DEV Community

Tammura
Tammura

Posted on • Originally published at awstip.com on

Efficiently Download Large Files into AWS S3 with Step Functions and Lambda

In this blog, i want to share my way to download a large files (>1GB) scaling horizontally thanks to AWS StepFunctions.

For the full code, feel free to visit the GitHub repository.


Visual representation of an AWS Step Functions workflow parallelizing a large file download process.

To follow along, make sure you have AWS SAM installed. You can find the installation guid_e [_here](https://aws.plainenglish.io/develop-aws-lambda-functions-locally-on-your-machine-ccdd37e10092)

Table of contents

· The Idea

· AWS Lambda for File Metadata

· AWS Lambda for Chunk Creation

· AWS Lambda for Downloading chunks to S3

· AWS StepFunction

Step Function Definition

· Error Handling and Optimization

· Conclusion

The Idea

To handle large files effectively, we will use AWS Step Functions to orchestrate a series of Lambda functions that download the file in chunks from an SFTP server and upload them to S3 via a multipart upload.

Here is a high-level overview of how the solution works:

  • Step 1: Retrieve metadata of the file from the SFTP server, such as file size.
  • Step 2: Split the file into 50MB chunks.
  • Step 3: Use a Step Function’s Map state to execute Lambda functions that download each chunk in parallel.
  • Step 4: Upload each chunk to S3 as part of a multipart upload.
  • Step 5: Once all chunks are uploaded, complete the multipart upload.

AWS Lambda for File Metadata

First step is to create a lambda function to connect the SFTP server and fetch file metadata (like size)
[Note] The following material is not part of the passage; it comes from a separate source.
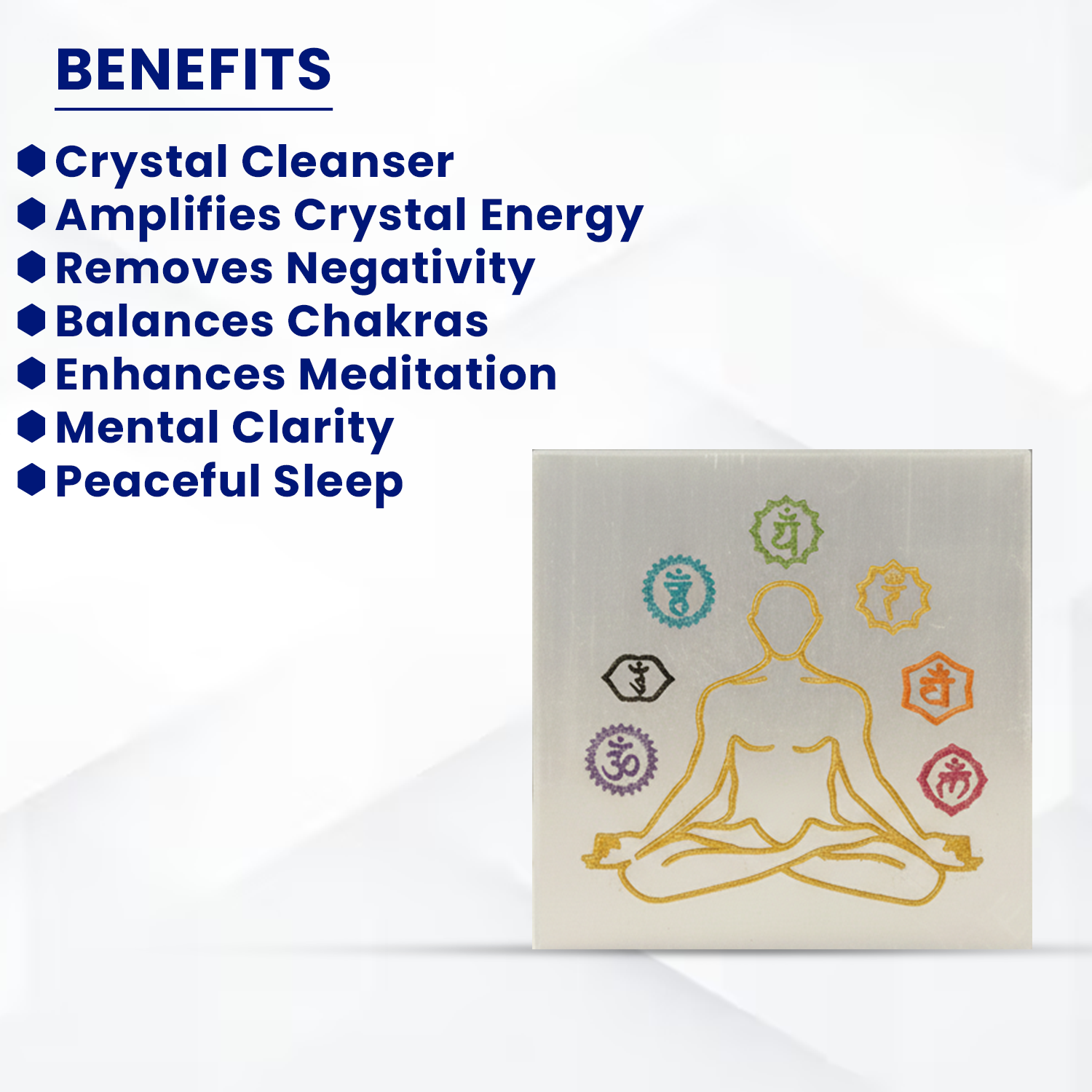 Selenite Plate – Cleanses negativity, charges crystals & uplifts energy.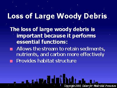 One of the most apparent changes to habitat in urban streams is the dramatic loss of large woody debris (LWD). LWD is important in a stream because it provides habitat structure and allows the stream to retain sediments, nutrients, and carbon more effectively. In urban streams, the increased stormwater flows and narrower riparian zones provide less large woody debris.

In the template.yaml , we have to define a lambda like:

# template.yaml
Resources:
  ...
  GetFileMetadataFunction:
    Type: AWS::Serverless::Function
    Properties:
      CodeUri: src/lambdas/get_file_metadata/
      Handler: app.lambda_handler
      Runtime: python3.12
      Timeout: 30
      Environment:
        Variables:
          SFTP_HOST: !Ref SftpHost
          SFTP_USERNAME: !Ref SftpUsername
          SFTP_PASSWORD: !Ref SftpPassword
      Policies:
        - Version: "2012-10-17"
          Statement:
            - Effect: Allow
              Action:
                - s3:PutObject
                - s3:AbortMultipartUpload
              Resource: !GetAtt ExampleBucket.Arn
Enter fullscreen mode Exit fullscreen mode

AWS Lambda for Chunk Creation

Next step is to create a lambda function to split the file into chunks based on size and configurable CHUNK_SIZE .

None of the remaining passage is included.